The warnings come amid lacklustre results in European government power auctions. In Spain, an auction for 3.3GW of renewable energy capacity saw just 50MW being handed out after the government capped offers at a price that developers were not willing to accept.3 Germany’s latest solar-power auction also failed to live up to expectations, with only 609MW of 890MW being awarded.4

Acke said developers were eschewing government schemes and taking their chances on merchant markets. “We don’t necessarily see auction results like those seen in Spain and Germany as a signal of lowered performance for the sector,” he says. “Developers are simply selecting projects which sell their power on the free market on a merchant basis. This can sometimes be a more attractive option than auctions.”

Lack of confidence

However, lack of confidence in government programmes is of concern given the need to rapidly ramp up investment in energy transition infrastructure. “Europe has been under-investing in the electricity grid over the past few years,” says Pierre Tardieu, Chief Policy Officer at the industry association WindEurope. “Europe is investing more or less €40bn per year and it needs to be closer to somewhere between €66bn and €80bn.”

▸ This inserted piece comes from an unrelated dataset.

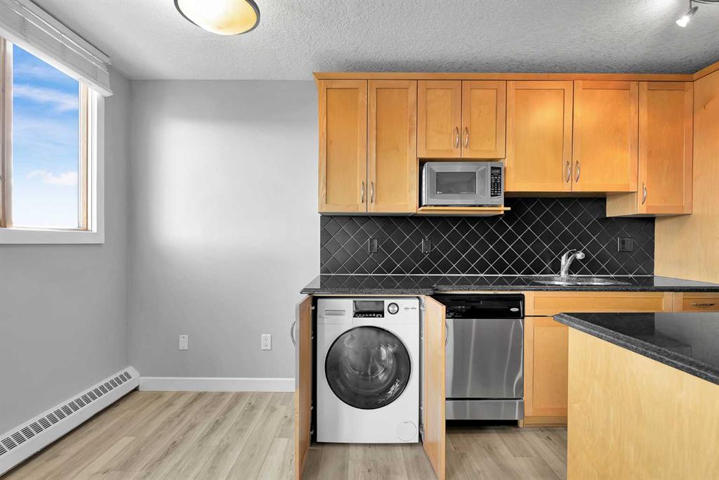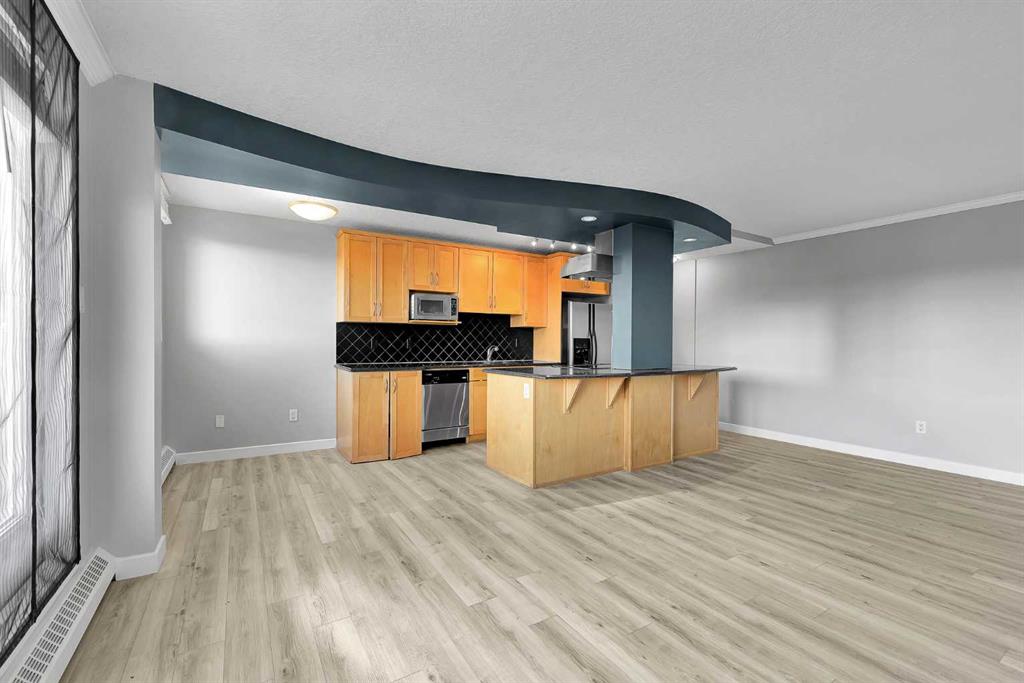 Welcome to this TOP-FLOOR, move-in ready 2-bedroom condo offering exceptional value in the heart of Calgary’s vibrant Beltline. Enjoy fantastic views overlooking Thomson Family Park—a beautifully redeveloped inner-city green space with walking paths, open lawn areas, a playground, and seasonal skating—right outside your door. For buyers looking to secure a well-located inner-city home with strong livability and long-term potential, this is a standout opportunity. This updated, south-facing END unit features a bright and functional 2-bedroom, 1-bath layout with new luxury vinyl plank flooring throughout, creating a clean, modern feel the moment you walk in. The top-floor location offers added privacy and quiet—no neighbours above—making it an ideal choice for professionals, first-time buyers, or investors. Enjoy the convenience of in-suite all-in-one laundry and a layout designed for comfort, with well-defined living and dining spaces that feel both practical and inviting. Located in the Biltmore, this is a solid, well-established concrete building with a track record of long-term ownership. Just steps from 17th Avenue SW, you’re immersed in one of Calgary’s most dynamic and walkable neighbourhoods, with restaurants, cafés, everyday amenities, transit, and the downtown core all within easy reach. Condo fees include heat, water, and electricity—offering simplified monthly budgeting and greater financial predictability. Call to book your private viewing today!

Teixeira says the main problem for the energy transition is not the availability of cash. “We have seen a significant amount of capital, mostly in the form of debt but also some equity in the early part of 2022, flowing into the energy transition,” he says.

Europe is investing more or less €40bn per year and it needs to be closer to somewhere between €66bn and €80bn

Pierre Tardieu
Chief Policy Officer at WindEurope

EDP alone issued €2.2bn in green bonds last year, Texeira adds. “EDP was a pioneer in this area with its first issuance in 2018. Since then, we have so far completed 13 green issuances, raising €9.8bn euros in total. The issue is not finding financing but the cost of it, which has increased significantly.”

Borrowing costs can be affected by regulatory uncertainty as lenders price in the risk of changes to the profitability of projects. “In moments when urgent intervention may be needed, particular care is required,” Teixeira warns. “We understand temporary measures to cap power prices and to protect consumers, but unrealised profits by generators cannot be clawed back, as clearly stated by the EU Council Emergency Regulation on High Prices. Yet this is happening in countries such as Romania or Poland.”

Taxing unrealised profits

Regulators in such markets “are disregarding the fact that prudent investors may have already sold their energy at low prices through hedges done well before 2021,” Teixeira says. “Since those hedges are not being properly accounted, producers are being taxed for unrealised profits and recording losses for every MWh they produce. This not only leaves affected companies with less cash available to invest, but also discourages investors from accelerating renewables installations.”

Acke at SolarPower Europe says an upcoming EU market design review “will be an opportunity to reinforce a stable regulatory framework that accelerates investments in renewables and flexibility.” In addition, he says, “it’s imperative that the [inframarginal power generation] cap ends as planned in February 2024.”

“There is a commitment from policymakers and the industry to deliver 2030 targets and bring its value to consumers [through] lower energy costs, security of supply and a greener Europe,” concludes Teixeira. “The energy sector, including EDP, is striving to be part of the solution, while ensuring that the climate emergency is being properly addressed through the deployment of renewable technologies. Companies, governments and civil society need to work hand in hand in promoting a stable environment in which we must not lose track of long-term decarbonisation targets.”